* [Exercise directions]
Restate word for word the lines in the listing below, starting at the line containing "Deze besloten stadstuin" and ending at the line containing "據(jù)招股書(shū)顯", both included; leave out the rest.

* [Source data]
------------

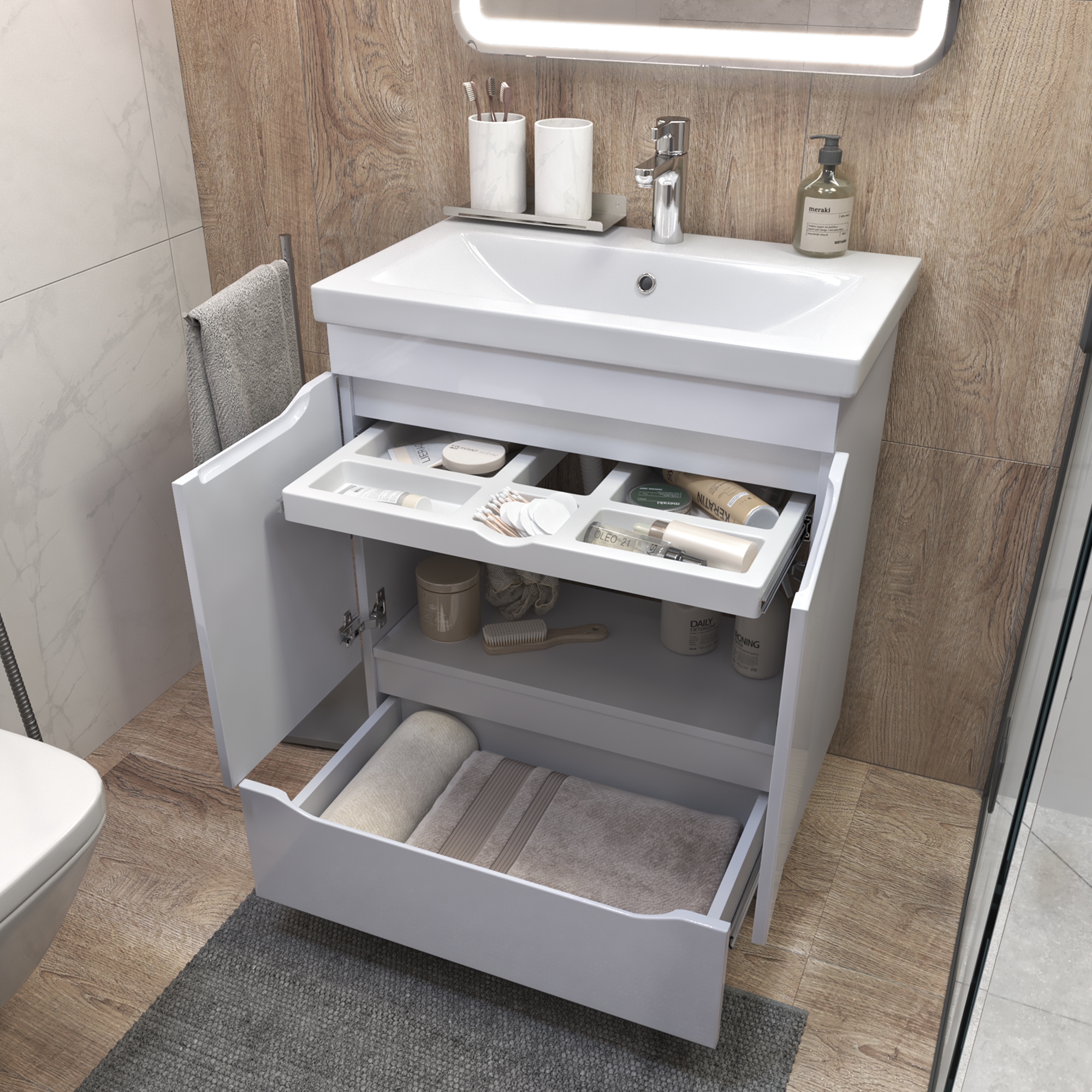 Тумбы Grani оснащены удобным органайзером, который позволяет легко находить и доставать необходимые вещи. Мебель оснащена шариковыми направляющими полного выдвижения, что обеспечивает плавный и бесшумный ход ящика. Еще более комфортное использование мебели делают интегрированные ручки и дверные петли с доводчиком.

------------

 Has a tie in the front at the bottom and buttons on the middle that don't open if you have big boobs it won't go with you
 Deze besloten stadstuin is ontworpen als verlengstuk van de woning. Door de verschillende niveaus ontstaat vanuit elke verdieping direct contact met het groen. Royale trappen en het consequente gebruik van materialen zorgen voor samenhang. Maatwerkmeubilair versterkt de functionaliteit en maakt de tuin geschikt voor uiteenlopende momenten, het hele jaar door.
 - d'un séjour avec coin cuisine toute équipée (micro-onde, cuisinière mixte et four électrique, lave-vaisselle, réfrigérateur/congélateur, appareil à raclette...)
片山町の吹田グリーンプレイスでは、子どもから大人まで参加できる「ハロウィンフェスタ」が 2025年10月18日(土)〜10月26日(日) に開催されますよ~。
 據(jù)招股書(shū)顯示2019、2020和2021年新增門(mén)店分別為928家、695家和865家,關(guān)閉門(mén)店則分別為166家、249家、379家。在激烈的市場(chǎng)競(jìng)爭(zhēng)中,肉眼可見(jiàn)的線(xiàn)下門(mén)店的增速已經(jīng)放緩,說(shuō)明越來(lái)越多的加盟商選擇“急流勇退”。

------------

* [Reply to the exercise]
 Deze besloten stadstuin is ontworpen als verlengstuk van de woning. Door de verschillende niveaus ontstaat vanuit elke verdieping direct contact met het groen. Royale trappen en het consequente gebruik van materialen zorgen voor samenhang. Maatwerkmeubilair versterkt de functionaliteit en maakt de tuin geschikt voor uiteenlopende momenten, het hele jaar door.
 - d'un séjour avec coin cuisine toute équipée (micro-onde, cuisinière mixte et four électrique, lave-vaisselle, réfrigérateur/congélateur, appareil à raclette...)
片山町の吹田グリーンプレイスでは、子どもから大人まで参加できる「ハロウィンフェスタ」が 2025年10月18日(土)〜10月26日(日) に開催されますよ~。
 據(jù)招股書(shū)顯示2019、2020和2021年新增門(mén)店分別為928家、695家和865家,關(guān)閉門(mén)店則分別為166家、249家、379家。在激烈的市場(chǎng)競(jìng)爭(zhēng)中,肉眼可見(jiàn)的線(xiàn)下門(mén)店的增速已經(jīng)放緩,說(shuō)明越來(lái)越多的加盟商選擇“急流勇退”。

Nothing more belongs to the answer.